Prostatic Hyperplasia, Benign
Description
Benign prostatic hyperplasia (BPH) refers to the nonmalignant growth of the prostate gland, and is histologically defined as hyperplasia of the prostate gland. BPH is an age-related phenomenon in men beginning at about age 40 years. BPH may result in prostatic enlargement and clinical symptoms most commonly affecting the lower urinary tract. These symptoms may be obstructive, including hesitancy, weak flow, and urinary retention, or irritative, including increased frequency and urgency. However, not all men with histologic BPH will develop prostatic enlargement or urinary symptoms (review by Roehrborn, 2005).
InheritanceSanda et al. (1994) performed a family study of early-onset benign prostatic hyperplasia (in the past inappropriately known as benign prostatic hypertrophy). They used as probands men in the youngest quartile (less than 64 years of age) from 909 consecutive prostatectomies for BPH. Large prostate was defined as greater than 37 gm resected tissue. Control probands, selected because of the ability to distinguish treatment for benign prostatic disease from treatment for malignant prostatic disease, were women whose spouses underwent radical prostatectomy during the same interval. Male relatives of men with early onset of BPH had a 66% cumulative lifetime risk of prostatectomy for BPH, compared to a 17% cumulative risk among control relatives (p = 0.0001). A 4-fold increase in age-specific risk of prostatectomy for BPH was present among relatives of young men who had undergone prostatectomy for BPH (p = 0.0003), while brothers of these affected men had a 6-fold increase in risk (p = 0.0089) compared to controls. Although the small sample size prevented rigorous exclusion of nongenetic models, direct comparison of mendelian and nongenetic models showed that mendelian transmission provided the best overall explanation of the observed familial aggregation. Autosomal dominant inheritance provided the best fit on segregation analysis.

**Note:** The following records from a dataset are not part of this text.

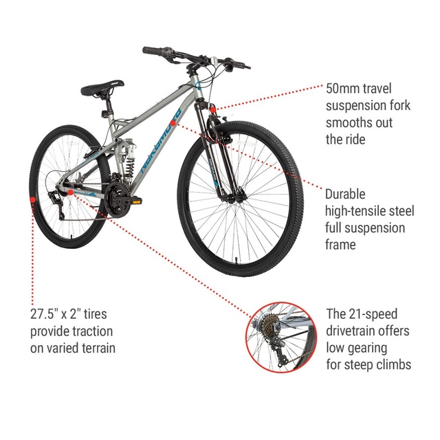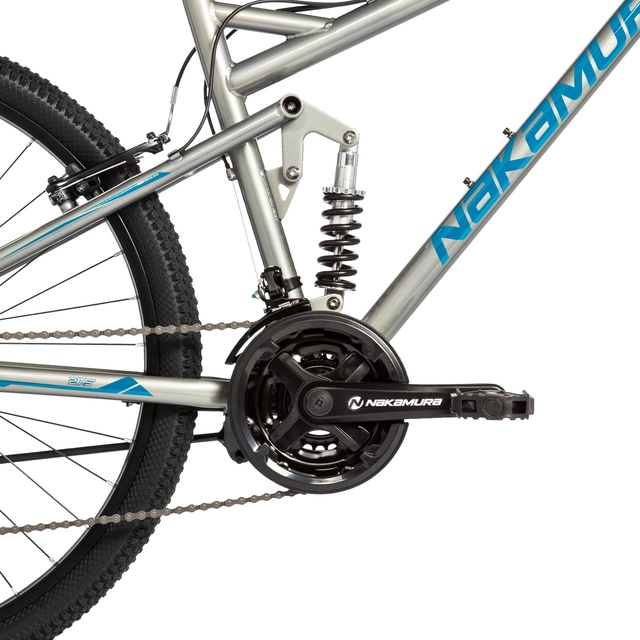 The Nakamura Monster 27.5 Inch Mountain Bike is an excellent recreational full suspension mountain bike. Quality components and 21 speed drivetrain provide the rider with a versatile bike that is great for riding around the neighborhood while also performing well on recreational trails.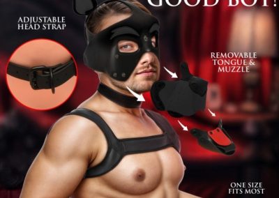Wearing your hood will transform you into a rough and rowdy pup anytime you want! The vegan leather feels like the real thing, but the hood is more breathable than full-coverage ones so you can wear it longer! The open eye-holes avoid that pesky problem of glass eyes fogging up. Your muzzle feels like an extension of your canine self, and you’re free to go nonverbal and bark or growl to make yourself understood!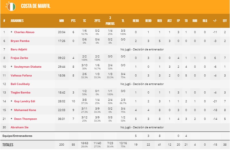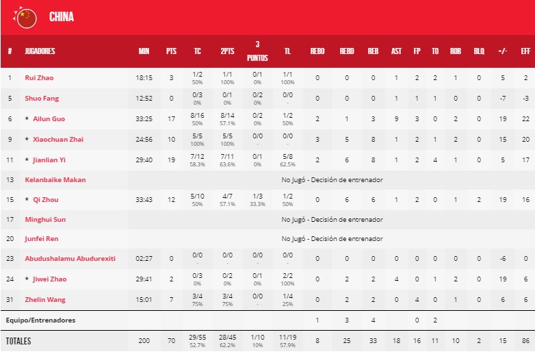 En el tercer cuarto, los locales pegaron el estiron y lo mantuvieron en el último período, pero no fue hasta los últimos minutos cuando se despegaron por completo. La diferencia de 15 puntos es engañosa ya que hubo más igualdad que la que señaló el marcador final. Jianlian Yi fue el líder de la ofensiva con 19 puntos, pero más destacado fue Ailun Guo, con 17 puntos, 9 asistencias y 22 de valoración. Estuvieron bien acompañados por Qi Zhou y Xiaochuan Zhai. En Costa de Marfil solo Guy Landry Edi alcanzó la decena en puntos y nadie lo hizo en valoración, con un decepcionante partido de Deon Thompson (7 y 5) que estuvo muy fallón ante las torres chinas.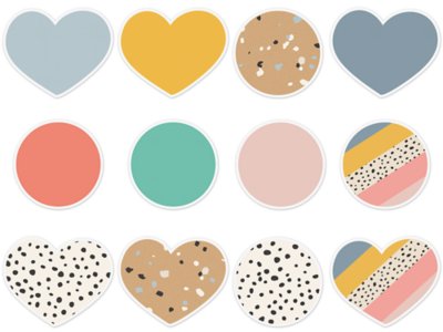 Enhance displays…create cubby, desk and name tags…add finishing touches to bulletin boards…and more—with versatile heart and circle accents in a variety of neutral colors and eye-catching designs that will add some love to any learning space! Pack includes 36 cardstock accents in assorted designs; heart accents measure 5 1/5" x 6 3/10".

Biochemical FeaturesCannon et al. (2007) examined serum JM27 (PAGE4; 300287) levels from 29 patients with asymptomatic benign prostatic hypertrophy, 39 patients with severe symptomatic BPH, and 17 patients with confirmed prostate cancer. Men with severe symptomatic BPH had significantly lower levels of JM27 compared to those with asymptomatic BPH (p less than 0.0001). Sensitivity and specificity of the assay were 90% and 77%, respectively, and positive and negative predictive values were 74% and 91%, respectively. Prostate volume and presence of prostate cancer did not appear to alter the marker levels. Cannon et al. (2007) concluded that BPH is not a single disease entity, but that there are distinct forms of the disease, including asymptomatic and more aggressive forms with severe urinary problems. Patients with the more aggressive form may develop more bladder damage and may benefit from earlier medical or surgical intervention.